Judgement
Why do people insist on judging by looks?
I try my best to get out of this habit. The way people have
of thinking I’m an immature teenager and will cause them
nothing but trouble. Or the way people who don’t know
how intelligent the three year old I babysit immediately
adopting a cutesy, cooing voice as soon as they see him.
Especially the way people treat “mentally disabled” people
(I’m fairly sure that’s the “politically correct” term as it
stands this year) - as though they couldn’t possibly think
to do anything without being told twenty times over, and
treating them like little kids. There are many others, these
are just the three in my life that come to mind immediately,
but there are many more, of
course.
I have had e-mail
conversations with potential
employers who said I
practically had the job once
we got past the formalities,
and then realised that I
was too young for the job
- having never told me the
age I had to be because I had
assumed they were looking
at my resume and they had
assumed I was at least 18
from talking to me. I have
had bus drivers who can’t
be bothered to deal with the
steriotypical teenager that I
am not decide to drive right
on by, leaving me with
another long wait.
The little boy I mentioned
earlier loves to take
advantage of people
who treat him like a cute
little clueless kid. He is,
however, the smartest kid
his age I’ve ever met. He
can tell you more facts
about dinosaurs and sea
creatures - including the scientific names - than I could
tell you after an hour of research. He uses “big words”,
not just to show off like many kids seem to do - he knows
the meaning of every word that comes out of his mouth. I
have actually tested this in the past, trying to win a dispute
with him and hearing a word that I hadn’t known until I
was around 10.
It’s experiences like these that have led me to adopt my
habits in the way I treat people. Put simply - everyone is
the same in my books until I’m given a reason to treat them
otherwise. I don’t care if you’re old or young, disabled or
not, have white, black or green skin - I just don’t care.
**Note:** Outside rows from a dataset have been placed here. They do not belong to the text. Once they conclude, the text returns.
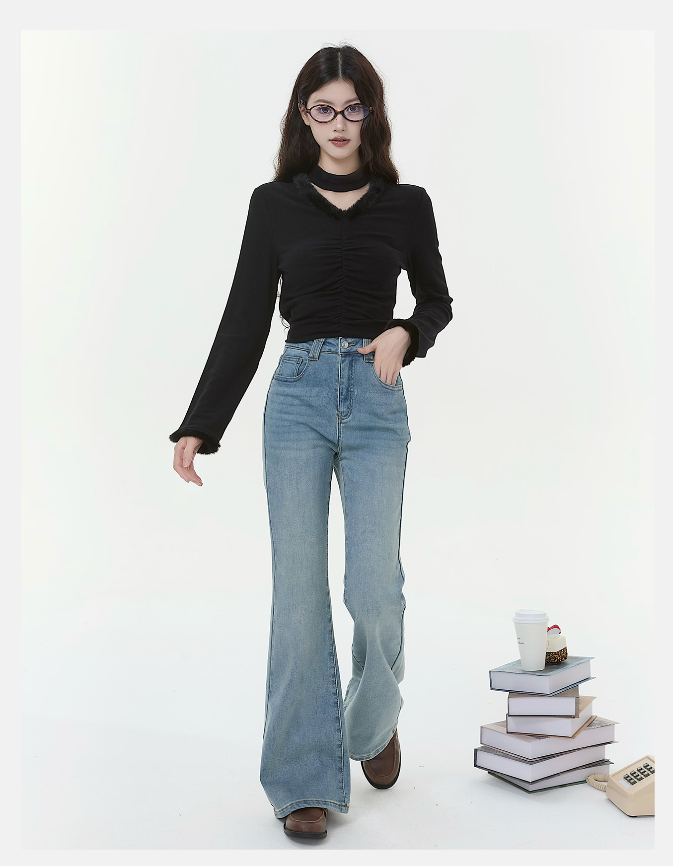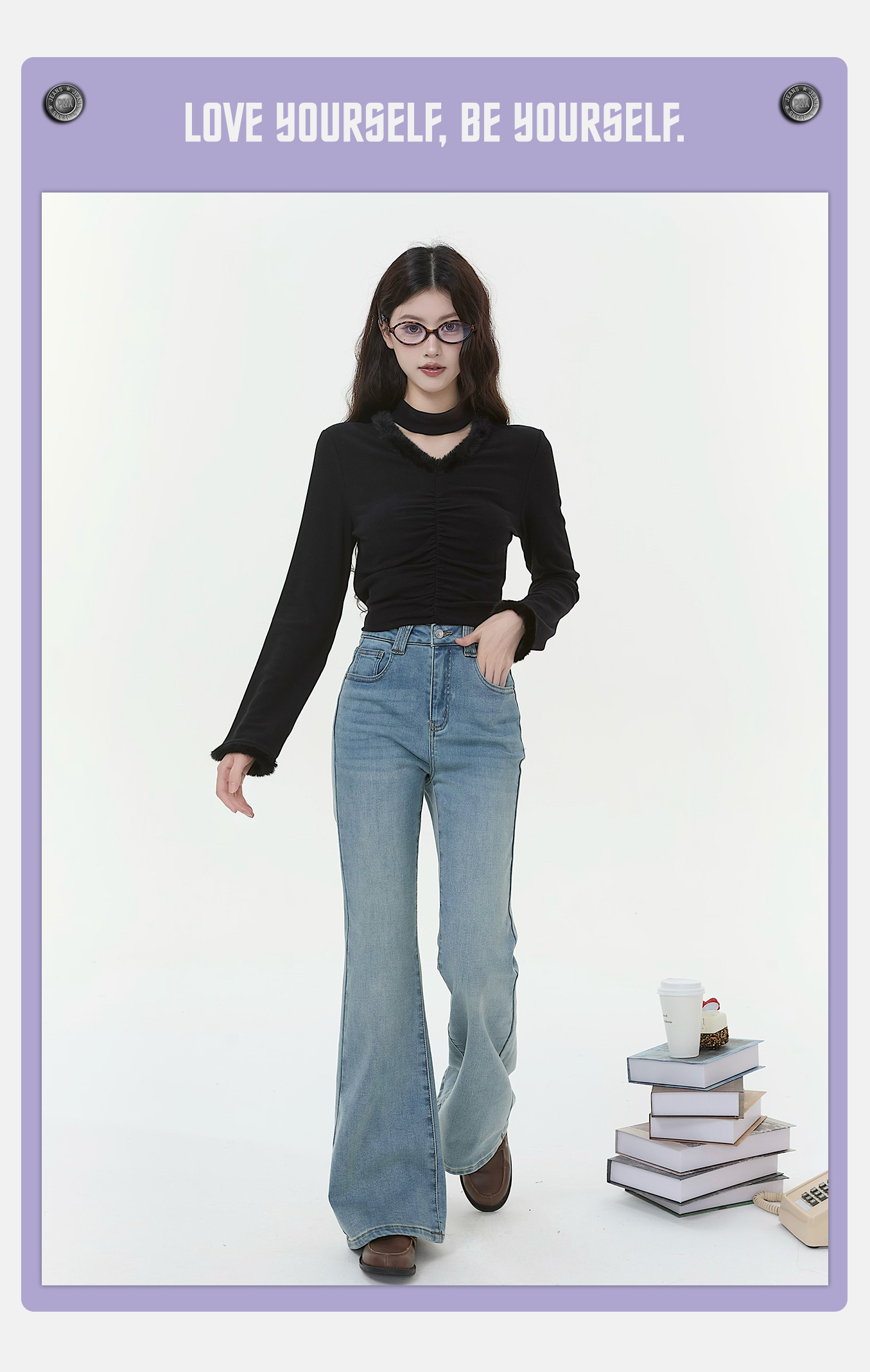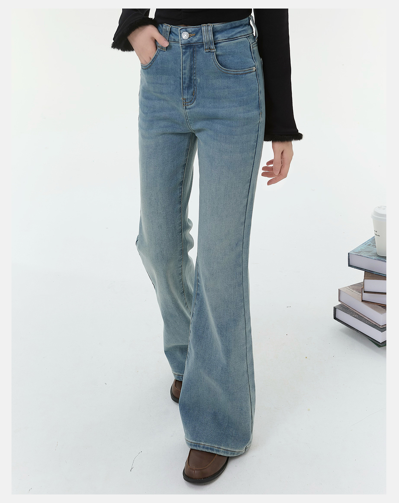 P&X设计师女装2025冬季高腰微喇牛仔裤长裤 825410172 蓝色
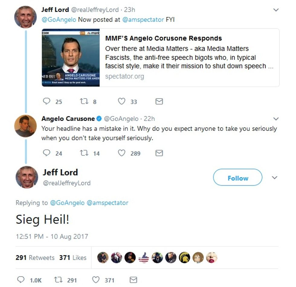 Lord got the boot after a dumb Twitter exchange with Media Matters for America president Angelo Carusone, the target of a recent Lord rant accusing Media Matters of "fascism" for listing Sean Hannity's advertisers. If there's one thing the fascists were notorious for, it was organizing consumer boycotts of those they disapproved of. How well the world remembers Papiernacht, when Hitler's brownshirts published articles suggesting advertisers withdraw their support of Jewish businesses.
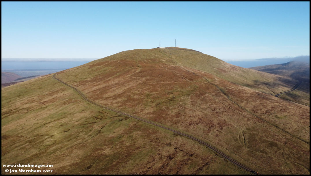 Snaefell, with the cloud all gone (for now). The mountain railway can be seen climbing its way up before circling the summit.
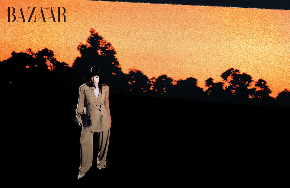 헤링본 코트, 실크 블라우스, 와일드 코르셋 벨트는 모두 Ralph Lauren Collection. 스타킹은 스타일리스트 소장품.
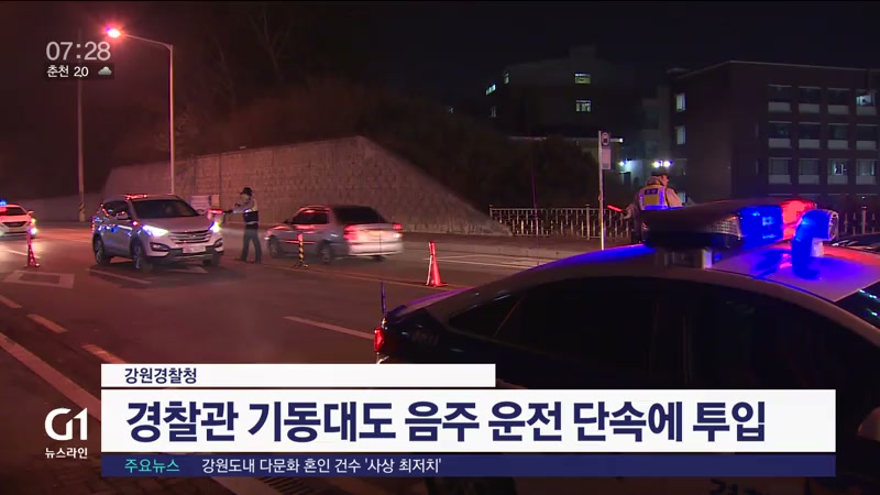 강원경찰청은 춘천과 원주에서 운영 중인 경찰관 기동대를 이번 달부터 음주 운전 단속에 투입해, 내년 1월말까지 밤낮을 가리지 않고 집중 단속을 벌이기로 했습니다.
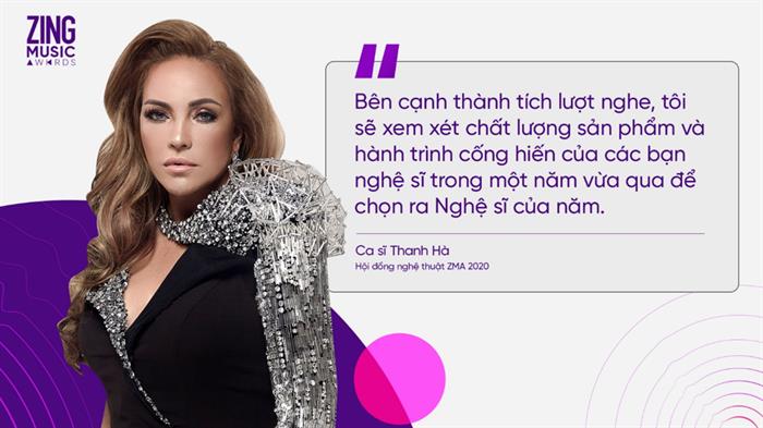 “Bên cạnh thành tích lượt nghe, tôi sẽ xem xét chất lượng sản phẩm và hành trình cống hiến của các bạn nghệ sĩ trong một năm vừa qua”, ca sĩ Thanh Hà chia sẻ tiêu chí đánh giá Nghệ sĩ của năm tại ZMA 2020.
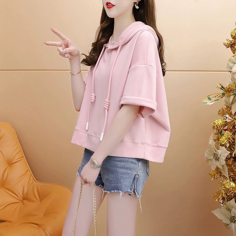PF1668#纯棉/后包领/宽松连帽短款设计感短袖T
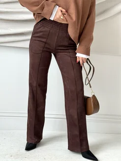 Брюки замшевые классические прямые на резинкес карманами
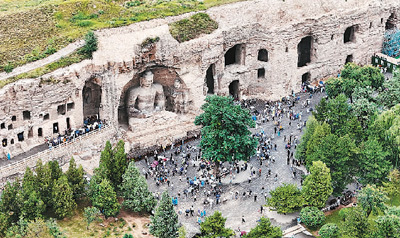 在大同市云冈石窟景区内,游客熙熙攘攘、摩肩接踵,有人与大佛隔空“击掌”合照,有人细致观察静态的石窟,聆听千年前的刀刻斧凿之声;在朔州市崇福寺,随着观音殿内的击钵声响起,游客的目光看向弥陀殿殿顶的两尊琉璃武士,不少网络主播通过镜头向网友讲解崇福寺的历史文化知识……越来越多的游客被山西古建的文化故事深深吸引,慕名前来游玩体验。
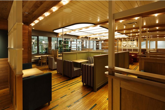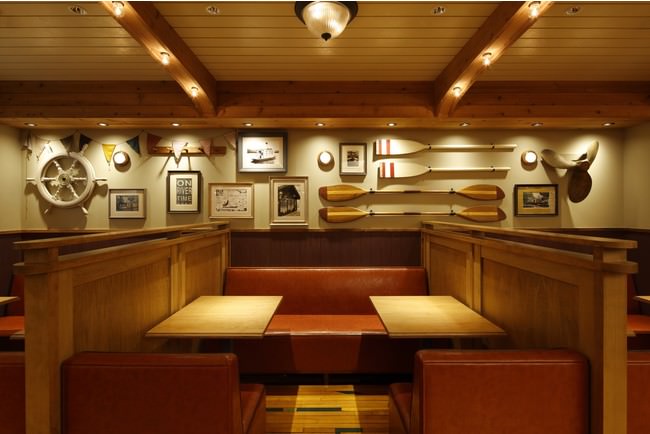 店内はくつろぎのボートハウスの様なウッディーで落ち着いた雰囲気。
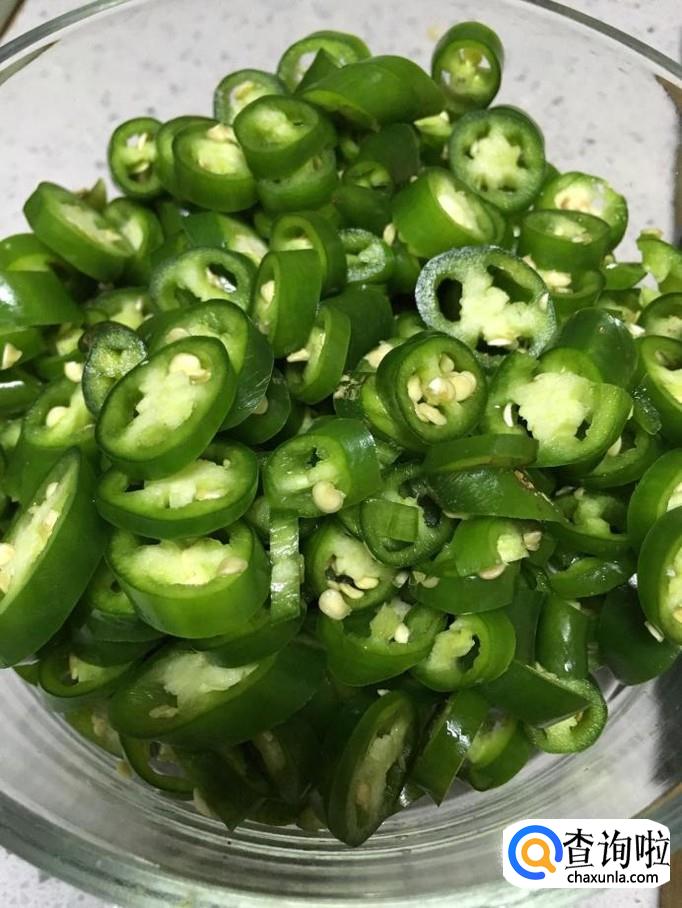 线辣椒绿色的比较嫩,红色得比较老成。今天我主要选择绿色的线辣椒,口感会微辣略带些清香味。首先清洗好线辣椒,晾干水份摘掉辣椒把待用。
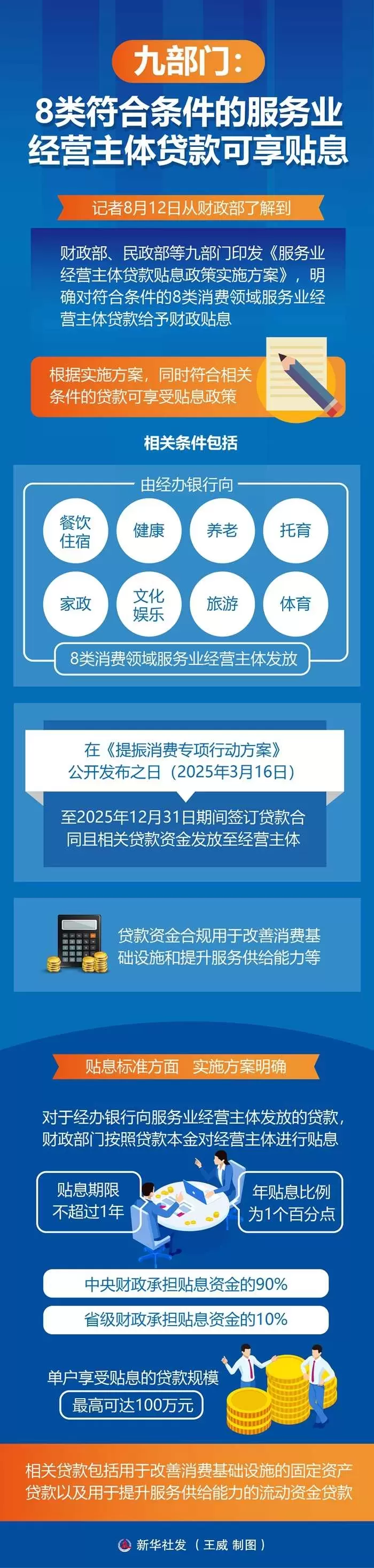 新华社北京8月12日电(记者申铖)记者12日从财政部了解到,财政部、民政部等九部门印发《服务业经营主体贷款贴息政策实施方案》,明确对符合条件的8类消费领域服务业

So, everyone’s in the same boat - we all have to deal
with eachother, equality is my answer.
When do I start treating people differently? Lets say
you and I are doing a project together - I don’t care if
you’re five or fifty, I will treat you as my equal. If you
start talking like a kid, or talking to me as though I were
a kid, I will more than likely ignore you and start doing
your part of the work as well as my own - which I’ll admit
isn’t quite right, but it’s my automatic reaction. If you start
giving me compliments out of the blue, I will get paranoid
- because people do that when they want something from
me. Those are just the easiest to explain, once again, there
are others.
When I mentioned the mentally disabled earlier, it
was one girl in particular I was thinking of, a volunteer
at camp who had Downs syndrome. She was really alot
like me. We were both extremely quiet until something
caught our attention, and then we’d start talking excitedly
- and we both did our best to treat people equally. What
she most often got annoyed about was that people always
acted like they were above her - all she wanted was to
be able to work and to be treated equally. So we’d go off
together away from the person who was supposed to be
watching her (who frequently got mad at my friend for not
listening, though I think it was her “helper” who wasn’t
listening) and go do simple things that needed to be done
- get the mail, make juice, organize activities for the kids.
She needed help walking sometimes because she had a
weak leg, and there were a few things she would just get
frustrated over trying to do - but she was always insanely
happy to be trusted with any sort of job, and was surprised
to be treated as an equal, as though she had thought it was
impossible for anyone “normal” to just be her friend.
So, my advice to you, take it or leave it, is treat people
equally - at least until they give you a reason not to.